Noise in the Attic: Hiring a Mercenary

There was a soft scratching sound. Or maybe a weird breathing. Was that my husband? Why was he being so annoying at 4 am on a Sunday? And then I heard him say something…as the noise happened. And I realized he was worried, too. It was something…above us?! On the roof?? Oh sweet goodness, don’t let there be something in the attic.

But then the noise stopped and the day happened, and I sort of put it out of my mind. As the afternoon came around I needed some cardboard boxes that had been stored in the attic in order to pack up dishes for our kitchen remodel. I casually pulled down the ladder and climbed up. I hesitated for a moment when I stepped into the attic and thought to myself, “I don’t see any signs of a-” and that’s when I saw him. Looking right back at me. Beady little eyes and a furry little face. I jumped down the ladder and closed it back up so quickly I almost injured myself. There was no denying it. We had a squatter.

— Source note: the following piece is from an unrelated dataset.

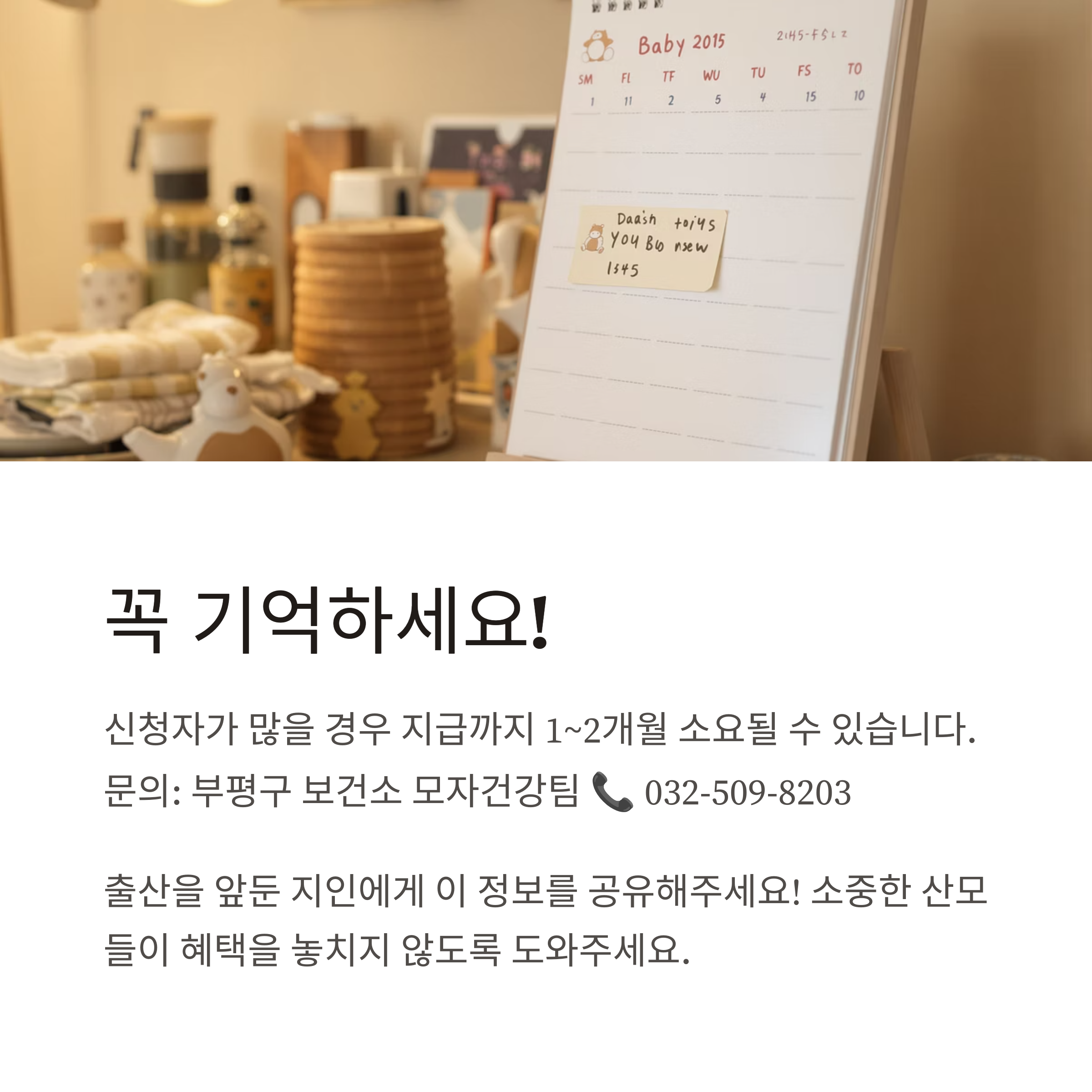 인천시 부평구 거주 산모라면, 최대 150만 원까지 산후조리비를 지원받을 수 있습니다.

When we were buying a house a few years and a few jobs ago we had fallen for one in a wonderful neighborhood where most homes were beyond our reach financially, but a foreclosure brought it onto our possibilities list. We toured it…and noticed some large areas of discoloration on the vaulted ceiling in the living room. The realtor casually mentioned the words “raccoon latrine” and mentioned that raccoons were a protected species in that state and could not be killed. And that they always returned to their nest. Forever. And so would their babies. Forever. I don’t know how true all of that information is…but I do know that in order for a “latrine” to soak through insulation and ceiling board enough to be a deeply discolored brown…things had gone horribly awry. And we ran. We vowed never to think about that raccoon nest again.

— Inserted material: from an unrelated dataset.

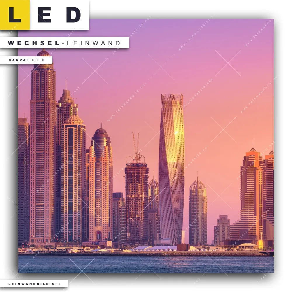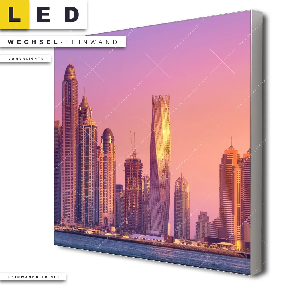 Du konfigurierst Deine individuelle LED Wechsel-Leinwand Canvalight® TEX | Sonnenaufgang in Dubai | Quadrat und wir produzieren sie NEU für Dich. Unsere Architektur - Gebäude, Städte - Skylines Austausch-Fotoleinwände für Canvalight® LED Bilder sind KEINE Lagerware. Du bist Dir unsicher, welches Motiv oder Format das richtige für dein individuelles LED Wechselmotiv auf Leinwand ist, dann helfen wir dir gerne weiter und beraten dich!

But I thought about it when I was on the phone with our exterminator minutes after my feet hit the floor. The kind man on the other end of the phone said he would, regrettably, not have his wildlife license for two months. I told him that I was hoping to no longer be in need of his services two months from now, and he graciously pointed me toward another company. Whom I called immediately. I left a message and waited for them to open on Monday morning. When they had not called back by 8:01 am I called again. Fortunately they could fit me in that same morning, and Joe from Critter Control climbed his ladder up and confirmed our point of entry on the front of the house. We began our strategy session.

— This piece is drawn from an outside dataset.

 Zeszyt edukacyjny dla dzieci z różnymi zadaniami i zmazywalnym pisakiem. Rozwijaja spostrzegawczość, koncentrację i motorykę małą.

Joe looked nervous as he told me that North Carolina is a “kill” state for rabies carrying species. I am a mother of 5 and was wearing my “blessed” t-shirt, and so he may have thought I was a more merciful soul than I am. “Kill trap. Perfect, Joe. Let’s kill them all.” He was concerned for my kids. “Nope. No problem, Joe. I will explain murder…I’m not afraid. In fact, if we could leave a pelt hanging from the point of entry as a warning to any future varmints that we don’t mess around…that would be great.”

Unfortunately my mercenary was not available to begin Operation Terminator until the following morning…but we had a plan. I could be at peace.

So tomorrow my lovely home will have a raccoon trap hanging from the front rafter. And I will monitor for a body. Joe mentioned that about 99% of the time the traps kill…and that other 1%…that scenario will involved screaming (both me and the raccoon, I assume), an immediate phone call to my buddy Joe, and a baseball bat on a ladder. Joe is going to make sure the deed is done.

And so I wait. Am I happy that there is a raccoon still currently in my attic. No. Do I feel a slightly sick sense of joy that by this time on Wednesday there may be a dead one dangling from the front of my house. Yes. Yes I do. Take note neighborhood rodents. We don’t mess around.

As a minor note, I asked Joe if he needed to see into the attic, and he adjusted his hoodie (was he nervous?) and mentioned that perhaps that could wait until we caught the raccoon. After all, it could be standing on the ladder and then when I pulled it down…land on his face. Thank you, Joe, for that vivid nightmare. I will treasure it always.